The FT’s article is accompanied by a chart which shows that hotel revenues per room are down slightly over 30 percent (May 2023 versus May 2019) in San Francisco. The only other city on the chart showing a fall is Chicago (down just under five percent). Revenues in Los Angeles are up around 10 percent, slightly ahead of New York City. Declining tourist traffic from China is a part of the story in San Francisco, but, clearly, only a part.
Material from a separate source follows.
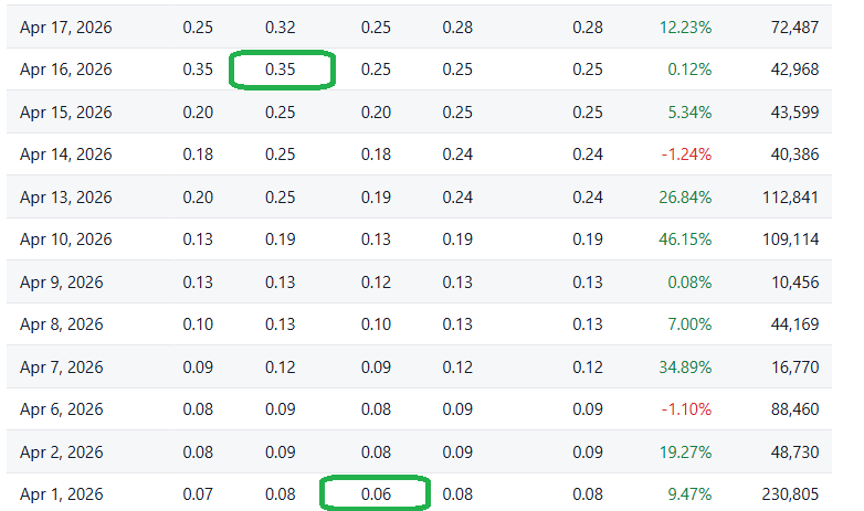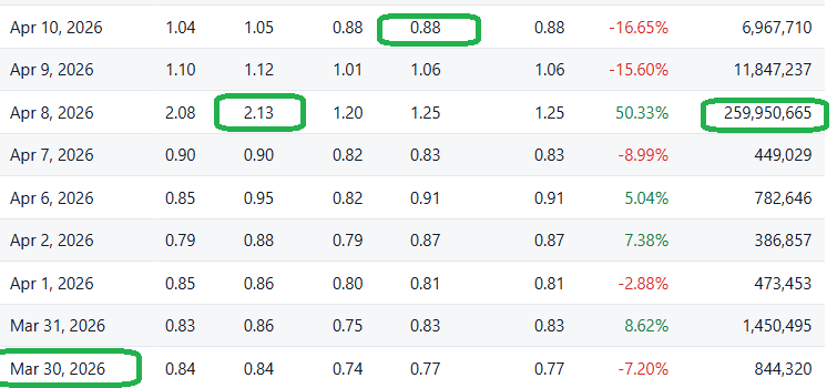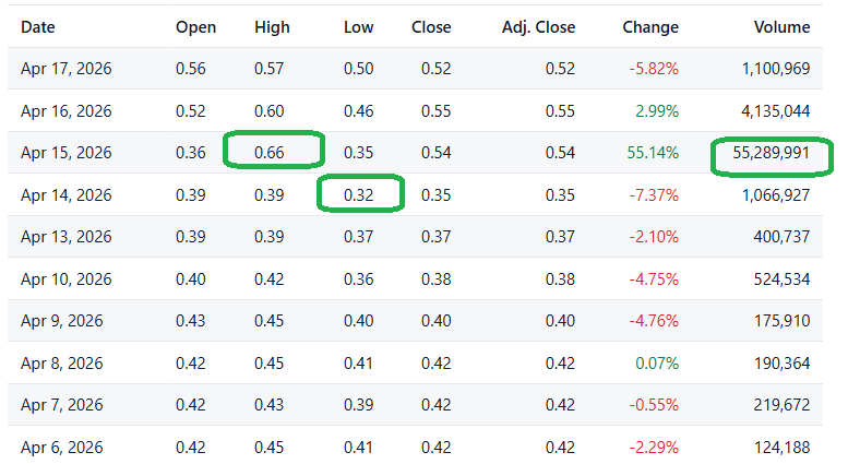 Odyssey Marine (OMEX) gained 169%, on a 259 million share day, from where we added it to 2026 Watch list. Society Pass (SOPA) gained 106%, from its recent low on a 55 million share day. And Vystar (VYST) gained 483%, from its recent low.

As Tabby Kinder, the writer of the FT’s report notes, in the city’s financial district, some office towers have been changing hands at a quarter of the price at which they were being marketed “three years ago” (presumably that’s a reference to pre-Covid prices). Potential bargain hunters evidently don’t have much confidence in their ability to price in how much further the sell-off has to go. There’s an old adage in financial markets that you shouldn’t try to catch a falling knife (meaning that a sudden decline in a security’s price does not necessarily mean that it’s cheap) and real-estate investors seem to be looking at San Francisco and seeing a lot of falling knives. They may well be right.

Kinder:

The accelerating number of defaults across multiple property asset classes has raised concerns about a drop in city tax revenues that could fuel a “doom loop” — an economic and social spiral that becomes impossible to reverse. Large office buildings trading at heavily discounted prices would quickly erode a crucial part of the city’s tax base. San Francisco has projected a $780mn budget deficit over the next two years, which will affect its ability to provide public services or offer incentives to businesses to help revitalise downtown.

Owners of some of San Francisco’s iconic buildings such as the Transamerica Pyramid and Uber’s Mission Bay headquarters have petitioned the city to lower their tax burden as the value of their properties has plunged.

“The concern for San Francisco is that it loses its critical mass,” said LaSalvia at Moody’s. He said that there was a “snowball effect” in which departing retailers and tech companies leads to an even greater reduction in foot traffic, increasing the risk for remaining tenants and owners, who are then more likely to default.

There’s an obvious warning embedded in this story. The question is whether mayors (and the voters who pick them) in cities such as New York and Chicago can learn from what is looking like a disaster in one of America’s loveliest cities.

In that respect, the omens from Chicago were not exactly the best.

Meanwhile, it’s hard to imagine that the spectacle of a commercial real-estate debacle in San Francisco will do much that’s good for that troubled sector elsewhere.